▸ **Provided data**

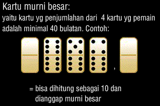 - Kartu murni besar yaitu 4 kartu yang di miliki pemain jumlah keseluruhan bulatannya berjumlah minimal 40 bulatan
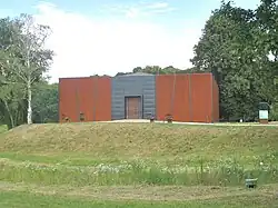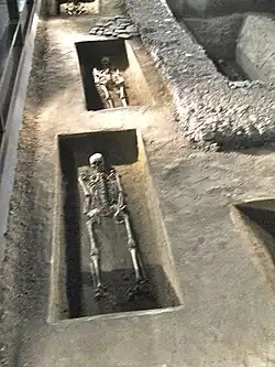 From 1964 to 1974 the second phase of excavation explored the outer bailey and oxbow lakes with preserved woodwork and bridges. This was followed by the third phase from 1975 to 1990, which concentrated on area excavation within the ramparts of the acropolis which ended previous work. Also between 1984 and 1990 the Kostelisko cemetery was excavated to the west of the 9th church. This contained approximately 415 graves which were accompanied by rich grave goods.[16] In 1990 the yearly excavations were suspended. In 1993 a series of limited excavations, mainly to confirm the stratigraphy on the main sites were started. Also the Research Institute of the Czech Academy of Sciences started rescue excavations in the vicinity of Mikulčice. These include the Panské Cemetery, excavated in 1999–2000, when the railway to Prerov was widened. This cemetery revealed 128 burials from the 9th to the 11th centuries.[17]
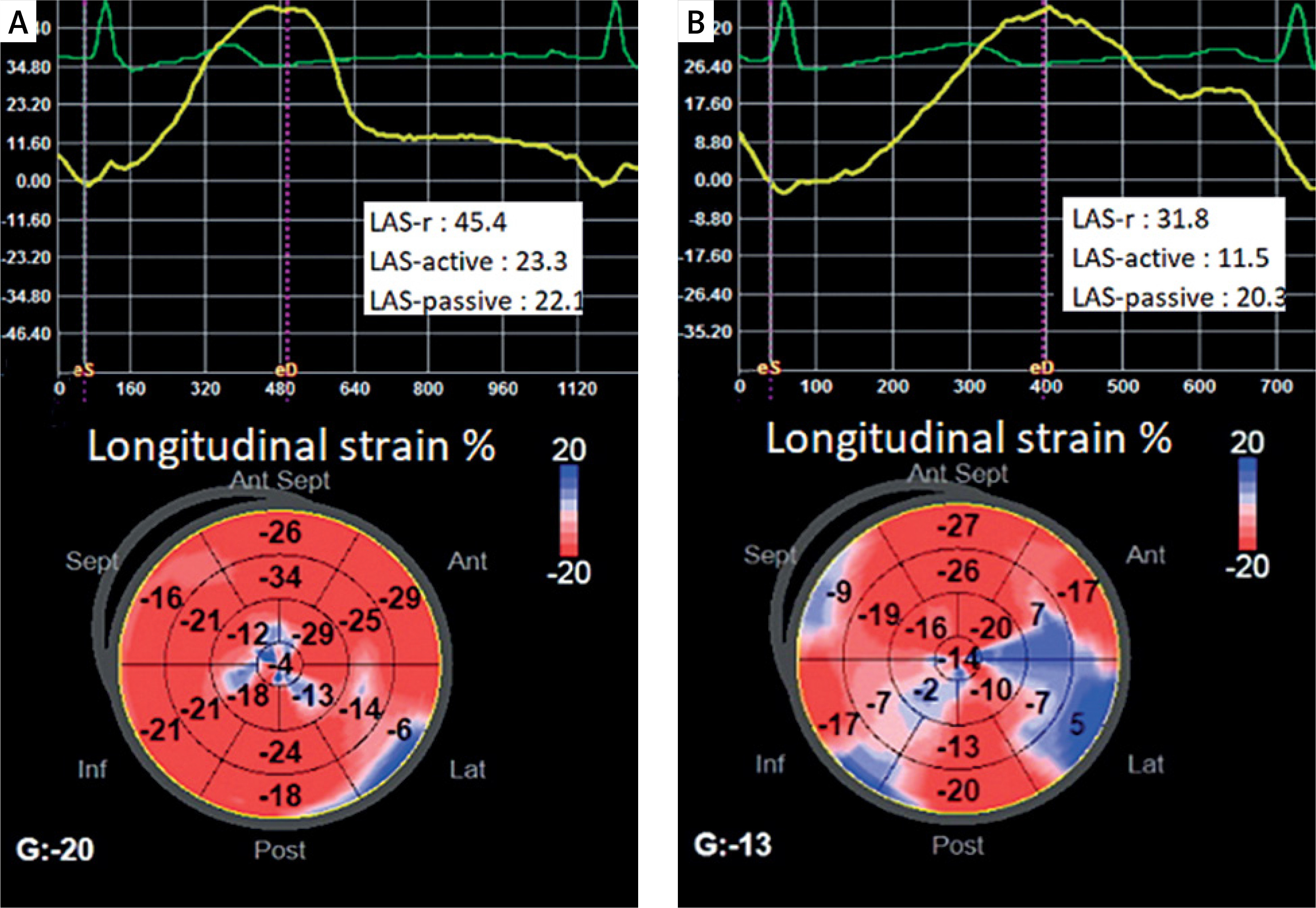 A – LAS and LV-GLS values of a healthy person from the control group, B – LAS and LV-GLS values of a patient from the PVC+ group

▸ **Task instructions**
Would it be possible to give the material above again exactly, with the pictures left out?

▸ **Written reply**
 - Kartu murni besar yaitu 4 kartu yang di miliki pemain jumlah keseluruhan bulatannya berjumlah minimal 40 bulatan
 From 1964 to 1974 the second phase of excavation explored the outer bailey and oxbow lakes with preserved woodwork and bridges. This was followed by the third phase from 1975 to 1990, which concentrated on area excavation within the ramparts of the acropolis which ended previous work. Also between 1984 and 1990 the Kostelisko cemetery was excavated to the west of the 9th church. This contained approximately 415 graves which were accompanied by rich grave goods.[16] In 1990 the yearly excavations were suspended. In 1993 a series of limited excavations, mainly to confirm the stratigraphy on the main sites were started. Also the Research Institute of the Czech Academy of Sciences started rescue excavations in the vicinity of Mikulčice. These include the Panské Cemetery, excavated in 1999–2000, when the railway to Prerov was widened. This cemetery revealed 128 burials from the 9th to the 11th centuries.[17]
 A – LAS and LV-GLS values of a healthy person from the control group, B – LAS and LV-GLS values of a patient from the PVC+ group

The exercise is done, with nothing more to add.